Corpus for Benchmarking Clinical Speech De-identification

⚕️

This is an AI-generated explanation of a preprint that has not been peer-reviewed. It is not medical advice. Do not make health decisions based on this content. Read full disclaimer

Imagine you have a giant, noisy library filled with millions of recorded doctor's visits. These recordings are goldmines for researchers trying to teach computers how to understand human speech. But there's a huge problem: these recordings are full of private secrets—patients' names, addresses, social security numbers, and specific dates of illness. If you just hand these recordings to a computer, it might accidentally learn those secrets and leak them later.

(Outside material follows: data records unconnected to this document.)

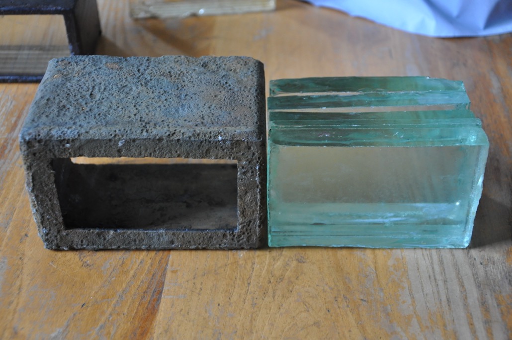 Käisin garaazhis seda klaasitükki vaatamas ja mälu oli alt vedanud. Tükk pole nurgast, vaid servast pärit, ehk kolmest küljest murdunud ja mõõtmed 9x9 cm. Paksus õige 26 mm.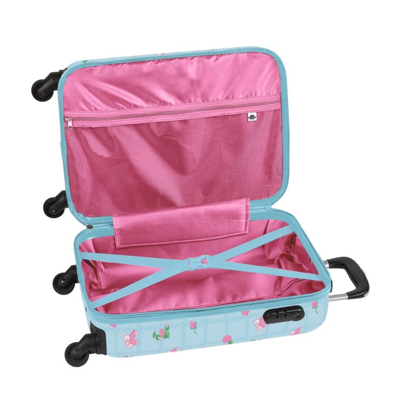 Troler voiaj Na! Na! Na! Surprise 51 cm, ideal pentru plecarea in calatorie a fetitelor. Din plastic dur, preformat, bleu si imprimat cu frumoasele papusi Na! Na! Na! Surprise si multe buchete de floricele, plecarea in calatorii devine o adevarata placere.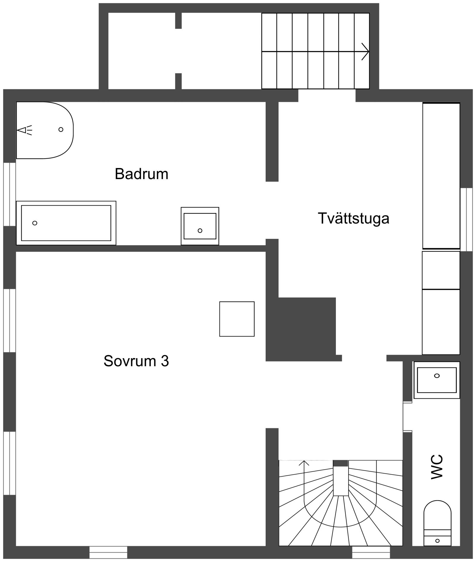 Källarplanet är omgjort och erbjuder nu ett fräscht och modernt badrum som är helkaklat och utrustat med både dusch och badkar. Tvättstugan är uppdaterad och funktionell, med mycket bänkyta. Här finns även en separat wc samt ett sovrum med takfönster som ger fint ljusinsläpp trots källarplan. Dessutom finns praktiska förvaringsutrymmen och en hall med groventré och utgång till trädgården.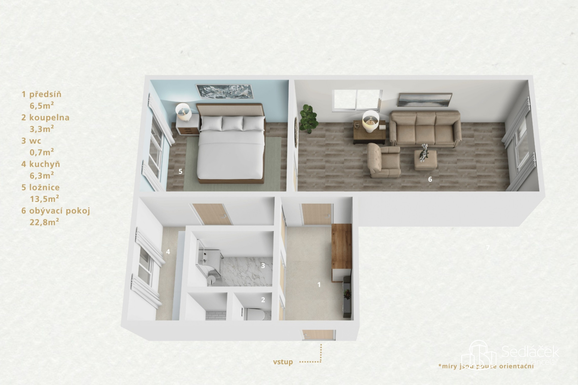 | Dispozice/podlahová plocha: | 2+1/57 m² |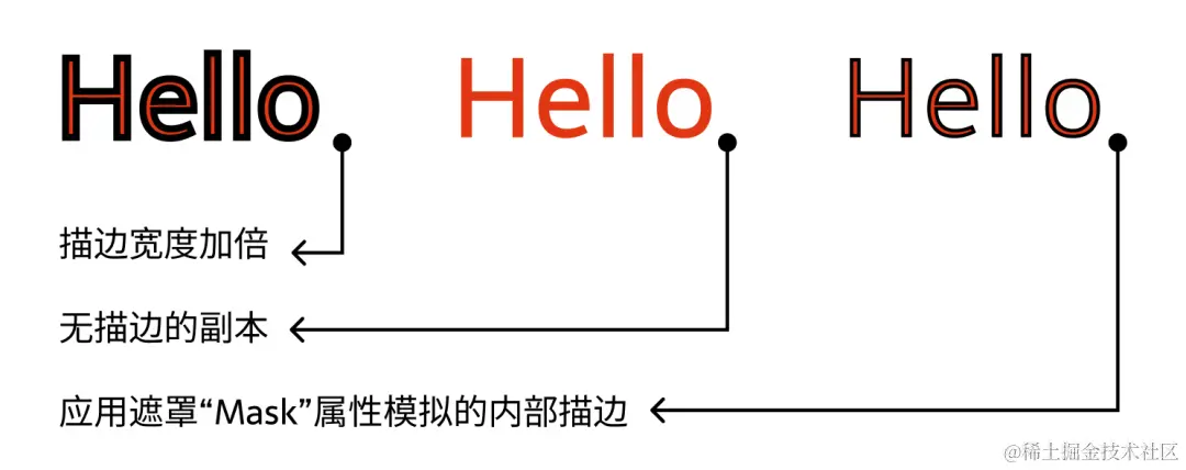 那么,在 SVG 中实现内部描边和外部描边有没有其他方法呢?好消息是,确实有办法达到目标。但不友好的是,为了克服这些限制,我们不得不采取一些创造性的“笨办法”。例如,可以通过遮罩(mask)属性来模拟实现内部描边: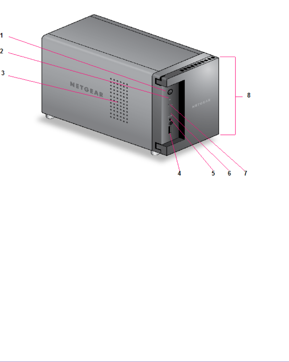 The following figure shows the front and side panels of the ReadyNAS 102.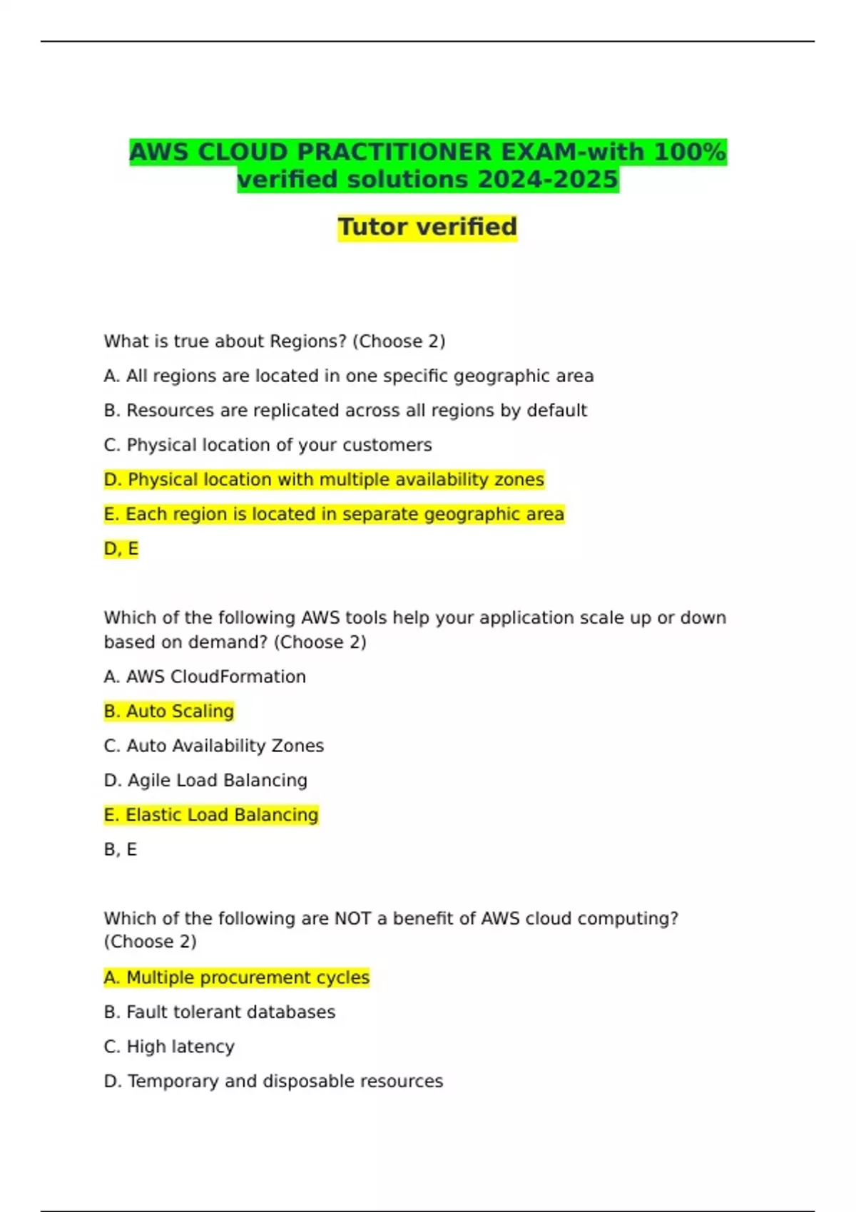 AWS CLOUD PRACTITIONER EXAM-with 100% verified solutions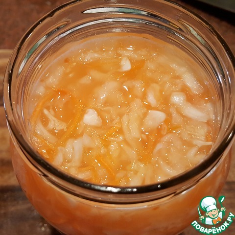 Банки: На мой взгляд самые удобные для такой капусты банки объёмом 1л. Банка должна быть чистой. Можно заквасить капусту в 3х литровой банке, но подумайте, будет ли в Вашем холодильнике столько свободного места через пару дней. И каждый раз доставать/убирать 3х литровую баночку немного сложнее, чем литровую. А так, дело хозяйское. Итак, указанное количество ингредиентов как раз плотненько утрамбовалось в одну литровую баночку. Сверху сразу выделился сок. При более сухой капусте сока может быть изначально чуть меньше. Не переживайте, просто плотно утрамбуйте капусту с морковью в банку.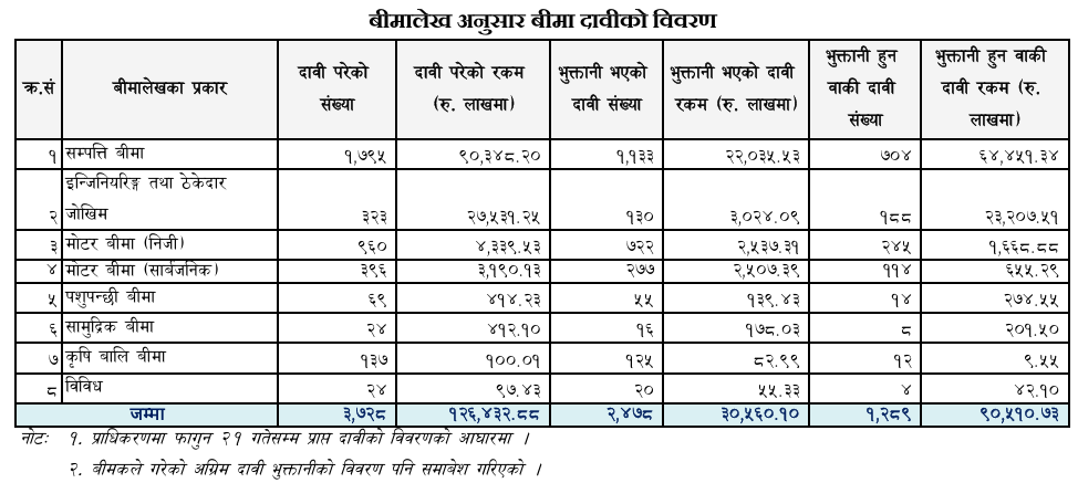According to the Nepal Insurance Authority, as of Falgun 21, 14 non-life insurers and 4 small non-life insurers have filed 3,728 claims. The companies have to pay Rs 12.64 billion and 3.2 billion more for those claims. So far, insurers have paid Rs 3.56 billion out of 2,478 claims.
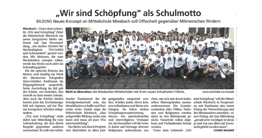Unter dem Leitmotiv „Wir sind Schöpfung“ will die Mittelschule Miesbach in Kooperation mit Hans-Günther Kaufmann einen Dialog der Wertschätzung und des Miteinanders anstoßen – einen Dialog, der gerade jetzt wichtiger ist denn je und von uns allen mit Zuversicht gelebt werden muss!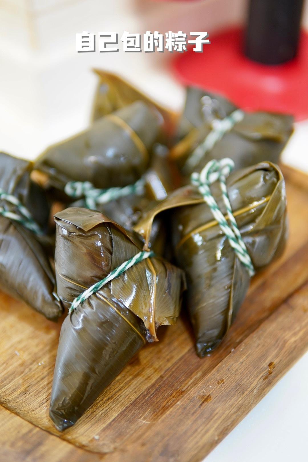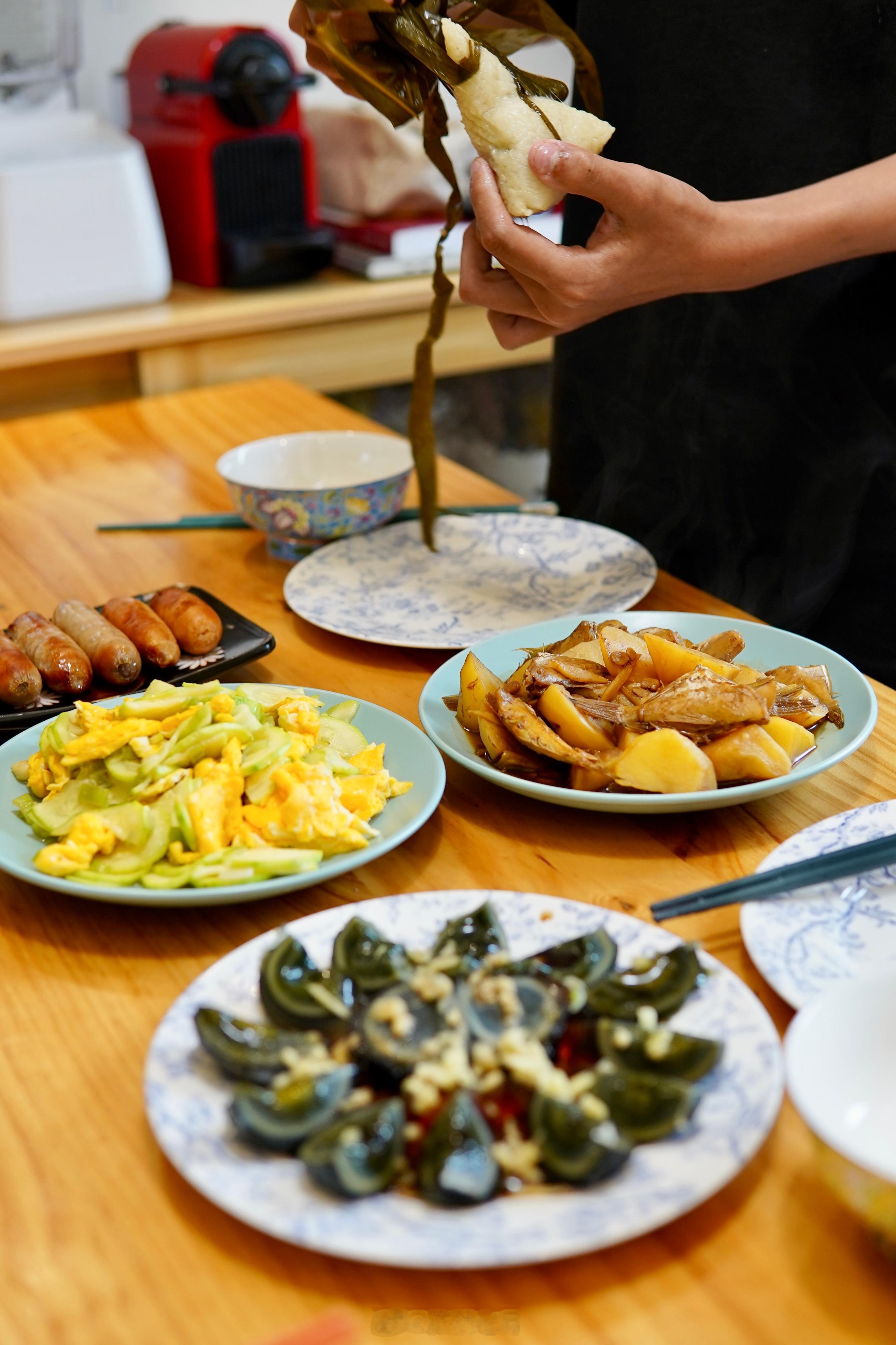 姜汁皮蛋,西葫芦炒鸡蛋随手搞定。我妈给外孙儿包的大粽子,粽子叶裹得紧紧实实的。里面一颗大红枣儿煮的软烂,软糯香甜,好吃极了。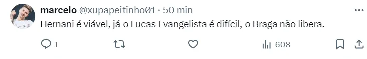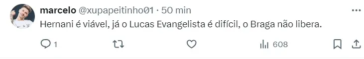 “O Corinthians é louco para contratar ele (Lucas Evangelista) e o Hernani também. Isso foi o que eu fiquei sabendo. Se é verdade ou não, o clube que fale que não”, revelou Craque Neto.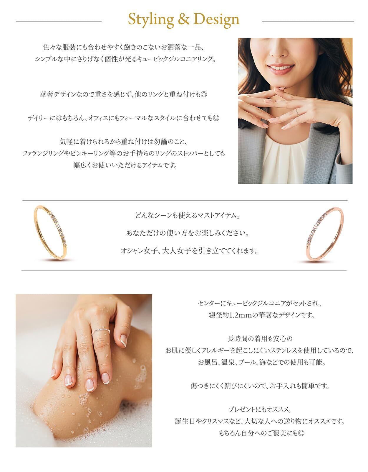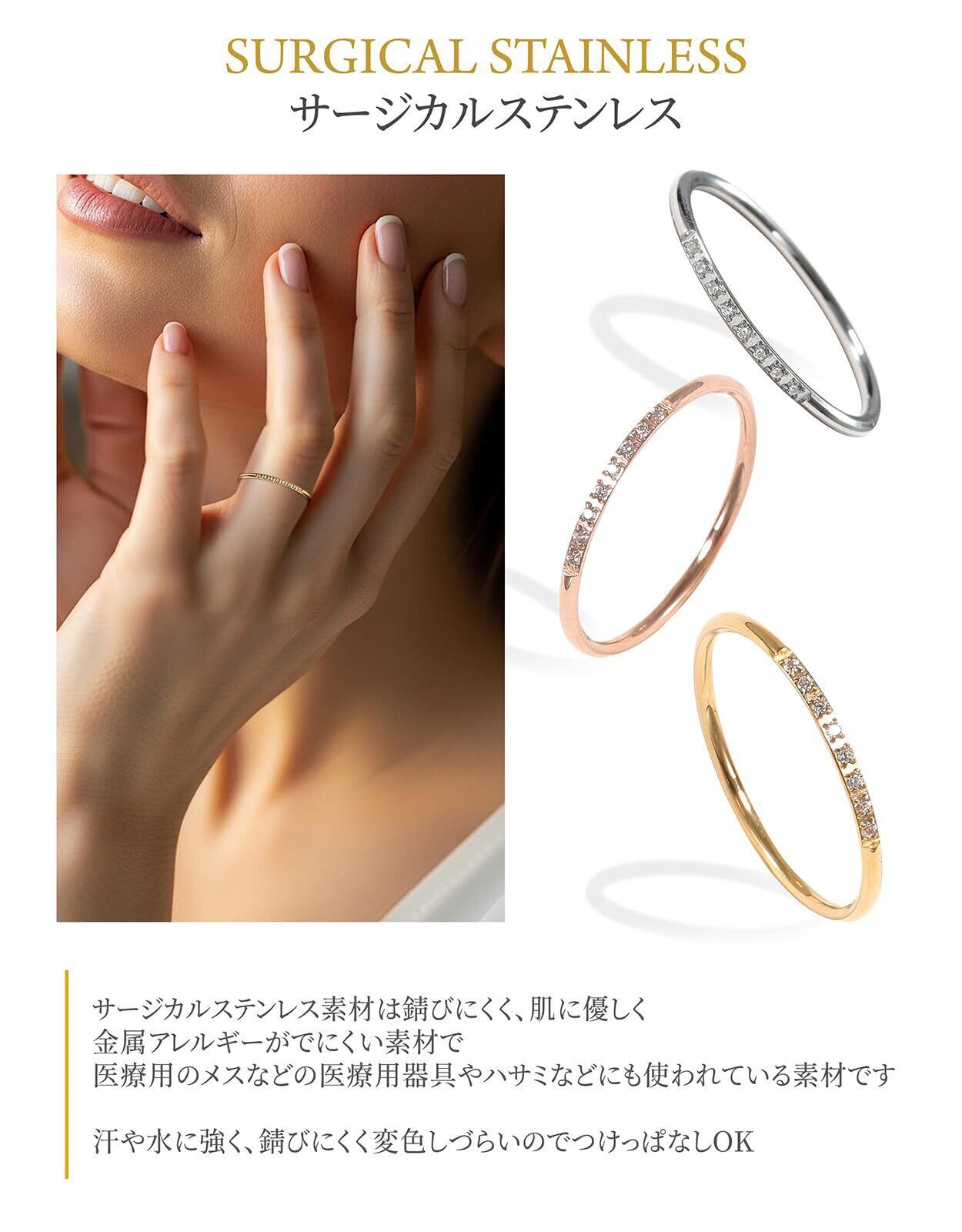 リング 指輪 金属アレルギー対応 サージカルステンレス ニッケルフリー ステンレス K18GP 華奢リング 1.2mm キュービックジルコニアリング 8粒 シンプル レディース メンズ 4号~21号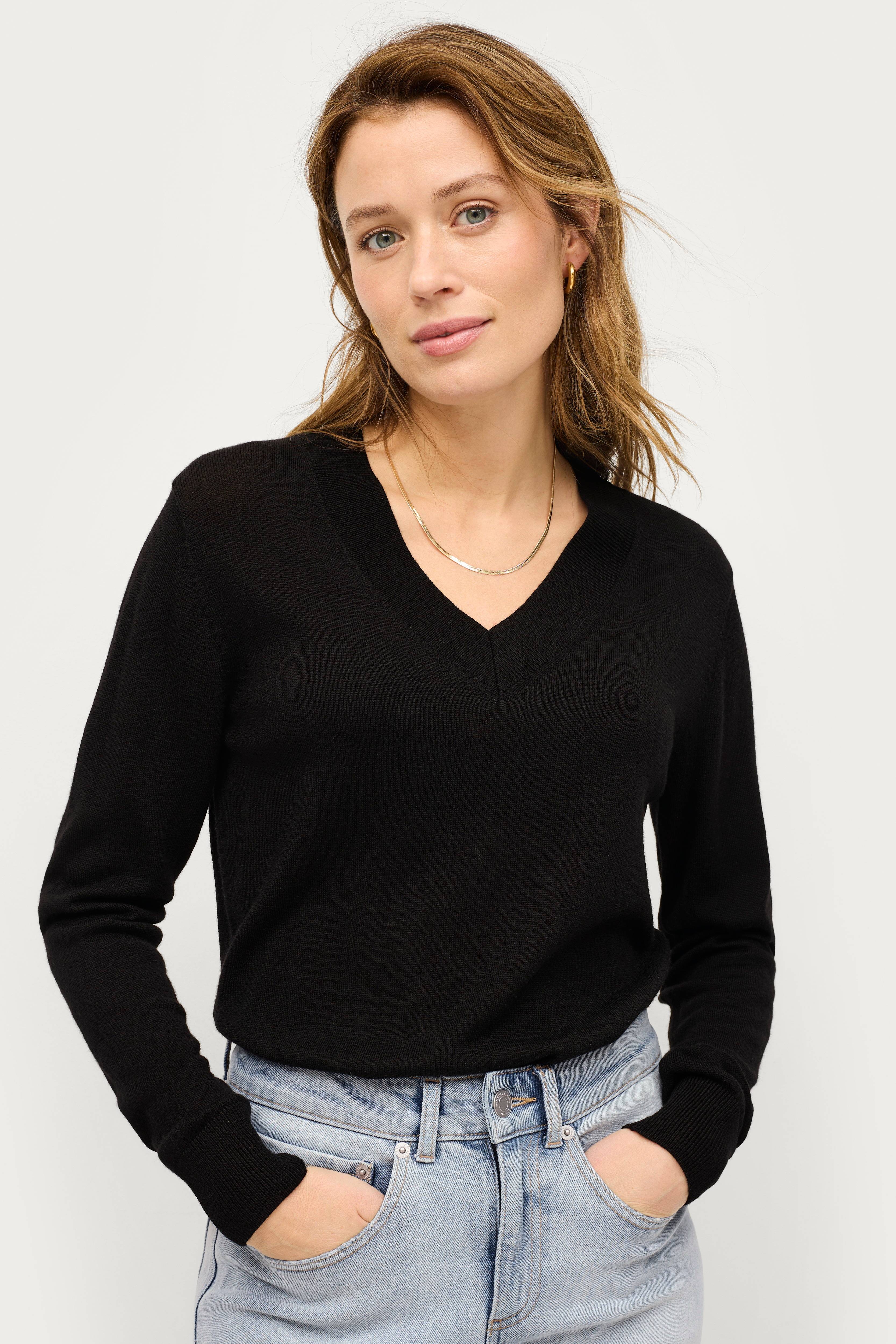 Ellos Collection Finstrikket ullgenser med v-hals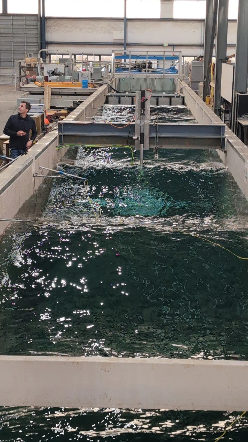 The Hinsdale Wave Research Laboratory at Oregon State University, a massive 7,500 square meter building, hosts the largest wave flume in North America. It’s a 104 meter long channel, 4.7 meters deep and designed for offshore wave and tsunami research.

To fix this, we need a "privacy filter" that can listen to the audio, find the secrets in real-time, and silence them before anyone else hears them. But to build a good filter, you need a training manual. This paper is about creating that manual.

Here is the story of how the authors built the SREDH-AICup SHI speech corpus, explained simply:

1. The Missing Piece of the Puzzle

For years, researchers had two types of tools, but neither was perfect:

Text Books: They had thousands of written medical notes where sensitive words were already crossed out and replaced with fake names (like "Patient A"). But these were just text, not audio.
Audio Books: They had thousands of hours of people speaking, but these were mostly general conversations (like people ordering coffee or reading news) or medical talks that didn't have the "secret-crossing-out" labels attached to the specific moments in the audio.

The Gap: They needed a dataset that was both audio and had a precise map showing exactly when a secret word was spoken. It's like having a movie where the subtitles don't just say "Secret Name," but tell you exactly which second the actor said it, so you can mute just that split-second.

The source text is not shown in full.